• [Recorded information]:
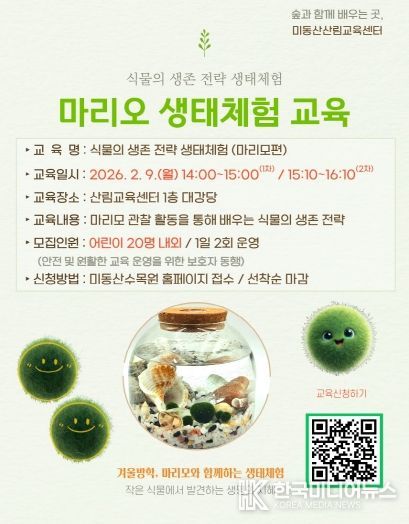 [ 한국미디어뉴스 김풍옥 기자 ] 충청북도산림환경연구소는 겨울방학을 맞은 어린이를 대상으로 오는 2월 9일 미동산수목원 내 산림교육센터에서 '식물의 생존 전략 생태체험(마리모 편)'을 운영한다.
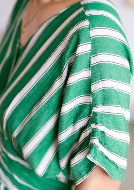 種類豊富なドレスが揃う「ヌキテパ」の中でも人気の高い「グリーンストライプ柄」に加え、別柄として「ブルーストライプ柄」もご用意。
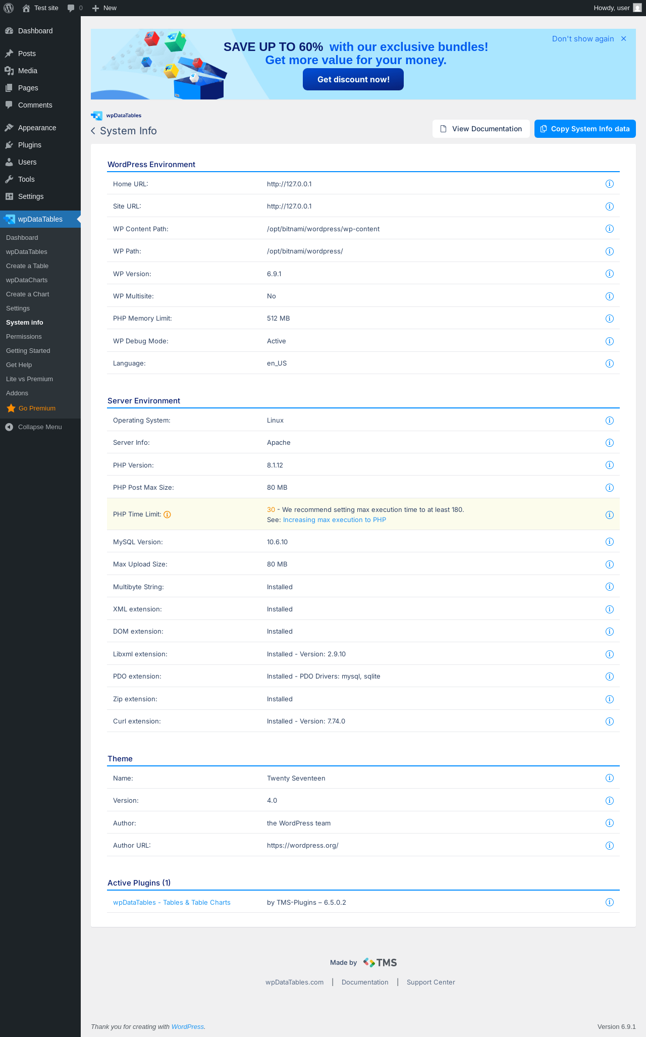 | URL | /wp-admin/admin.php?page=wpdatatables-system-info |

• [What is needed]: Go through the material above and retype every line exactly, without the images.

• [Response to the exercise]:
 [ 한국미디어뉴스 김풍옥 기자 ] 충청북도산림환경연구소는 겨울방학을 맞은 어린이를 대상으로 오는 2월 9일 미동산수목원 내 산림교육센터에서 '식물의 생존 전략 생태체험(마리모 편)'을 운영한다.
 種類豊富なドレスが揃う「ヌキテパ」の中でも人気の高い「グリーンストライプ柄」に加え、別柄として「ブルーストライプ柄」もご用意。
 | URL | /wp-admin/admin.php?page=wpdatatables-system-info |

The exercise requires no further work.